Assignment
Only the pictures are to be left out; please reproduce everything else in the data exactly.

Provided material
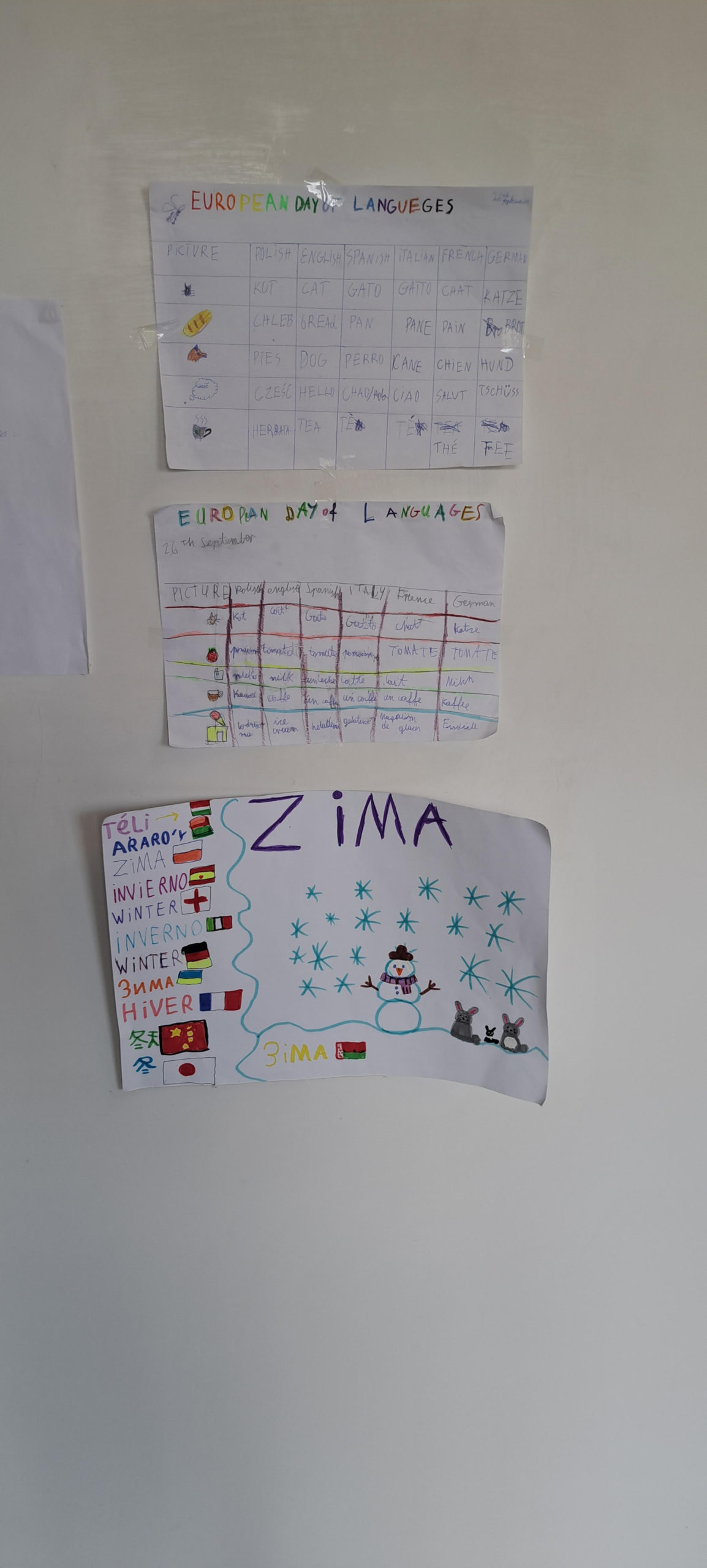 Owocem prac uczniów były wielojęzykowe słowniczki oraz projekty prezentujące system znaków poszczególnych języków. Powstały prace prezentujące, między innymi, alfabet grecki i norweski. Dzieci tłumaczyły wybrane przez siebie słowa na języki europejskie, takie jak duński, szwedzki, chorwacki, francuski, fiński, i wiele innych.
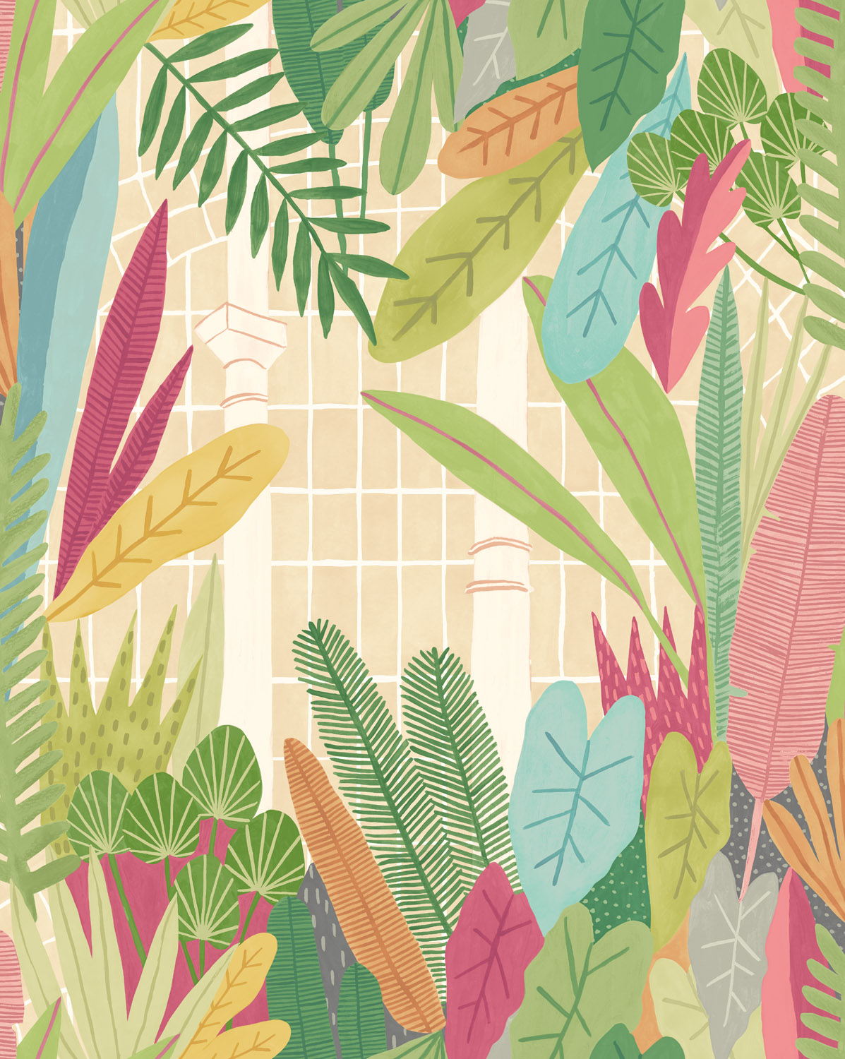 Geïnspireerd door de botanische tuinen van Glasgow komen het binnen- en buitenleven samen in Glasshouse. Lagen van met de hand geschilderde tropische planten overlappen elkaar, met glimpsen van de architectuur van de botanische kassen die door de openingen heen te zien zijn. Het geometrische raster van de glazen huisramen vormt een speelse tegenstelling tot de organische vormen van de tropische bladeren.
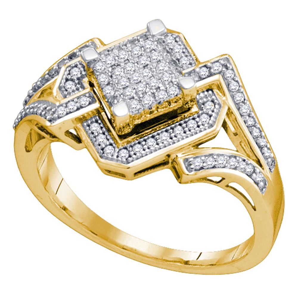 REF-41K9W- SKU: GD75454 ---- 0.35 CTW Diamond Diagonal Square Cluster Ring 10KT Yellow Gold
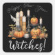 Dieses Design feiert Samhain - Hexen' Neues Jahr. Es enthält den Text "Happy New Year Hexen!", sowie das Bild von einigen Kerzen, Herbstlauben, Kürbissen und einer Taube. Der gesamte Text kann angepasst werden, und das Bild kann an Größe und Platzierung angepasst werden.
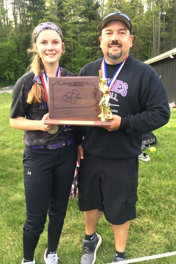 Submitted photo Ray Hoppel was a varsity assistant coach for the Mifflin County softball team in 2019 when the Huskies captured the District 6 crown. He is shown here with his daughter, Gianna, who was a member of the team.
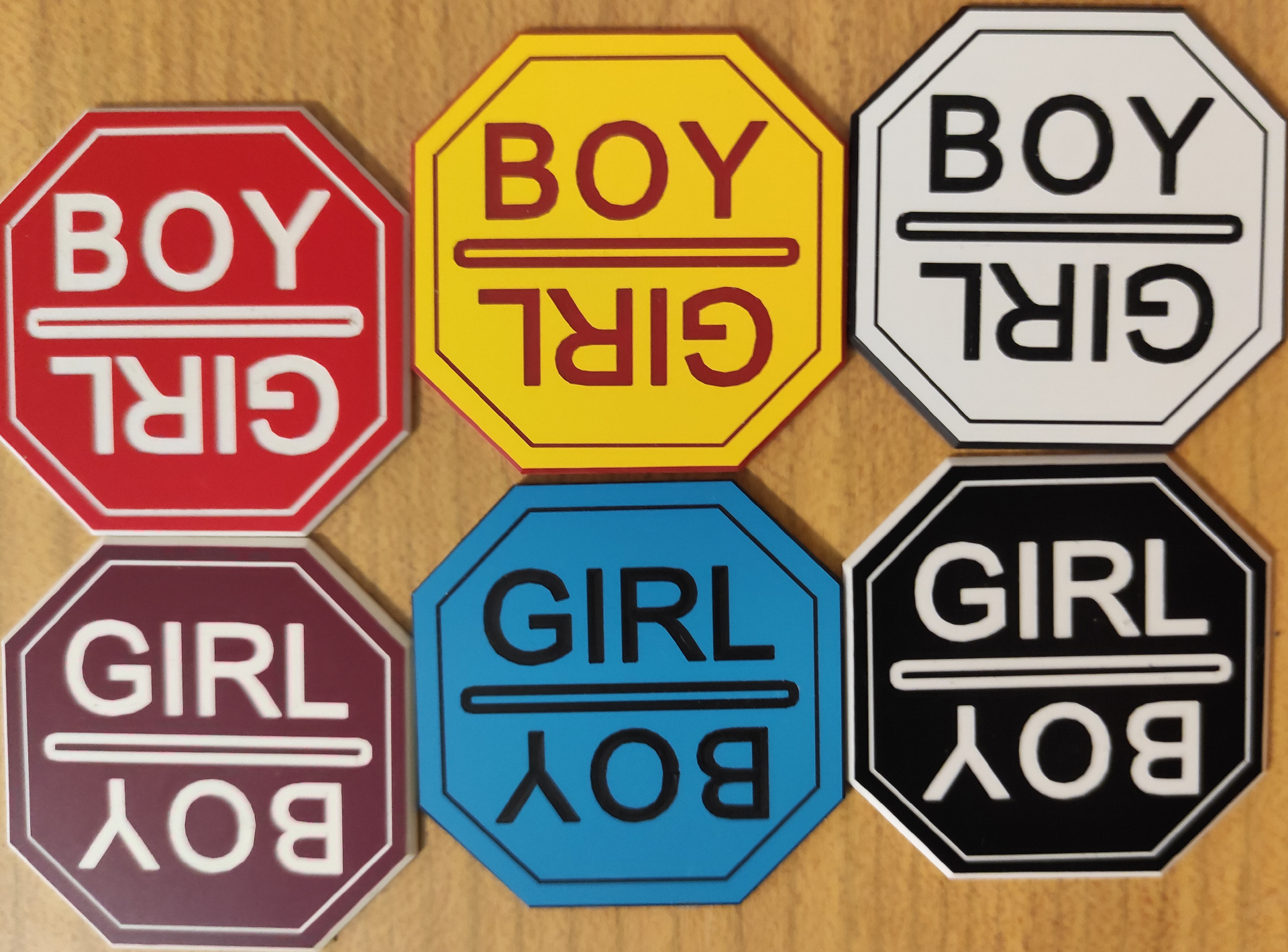 gelb mit roter Schrift 1x hellblau mit schwarzer Schrift 1x rot mit weißer Schrift 1x schwarz mit weißer Schrift 1x weinrot mit weißer Schrift 1x weiß mit schwarzer Schrift 1x

Reply to the task
 Owocem prac uczniów były wielojęzykowe słowniczki oraz projekty prezentujące system znaków poszczególnych języków. Powstały prace prezentujące, między innymi, alfabet grecki i norweski. Dzieci tłumaczyły wybrane przez siebie słowa na języki europejskie, takie jak duński, szwedzki, chorwacki, francuski, fiński, i wiele innych.
 Geïnspireerd door de botanische tuinen van Glasgow komen het binnen- en buitenleven samen in Glasshouse. Lagen van met de hand geschilderde tropische planten overlappen elkaar, met glimpsen van de architectuur van de botanische kassen die door de openingen heen te zien zijn. Het geometrische raster van de glazen huisramen vormt een speelse tegenstelling tot de organische vormen van de tropische bladeren.
 REF-41K9W- SKU: GD75454 ---- 0.35 CTW Diamond Diagonal Square Cluster Ring 10KT Yellow Gold
 Dieses Design feiert Samhain - Hexen' Neues Jahr. Es enthält den Text "Happy New Year Hexen!", sowie das Bild von einigen Kerzen, Herbstlauben, Kürbissen und einer Taube. Der gesamte Text kann angepasst werden, und das Bild kann an Größe und Platzierung angepasst werden.
 Submitted photo Ray Hoppel was a varsity assistant coach for the Mifflin County softball team in 2019 when the Huskies captured the District 6 crown. He is shown here with his daughter, Gianna, who was a member of the team.
 gelb mit roter Schrift 1x hellblau mit schwarzer Schrift 1x rot mit weißer Schrift 1x schwarz mit weißer Schrift 1x weinrot mit weißer Schrift 1x weiß mit schwarzer Schrift 1x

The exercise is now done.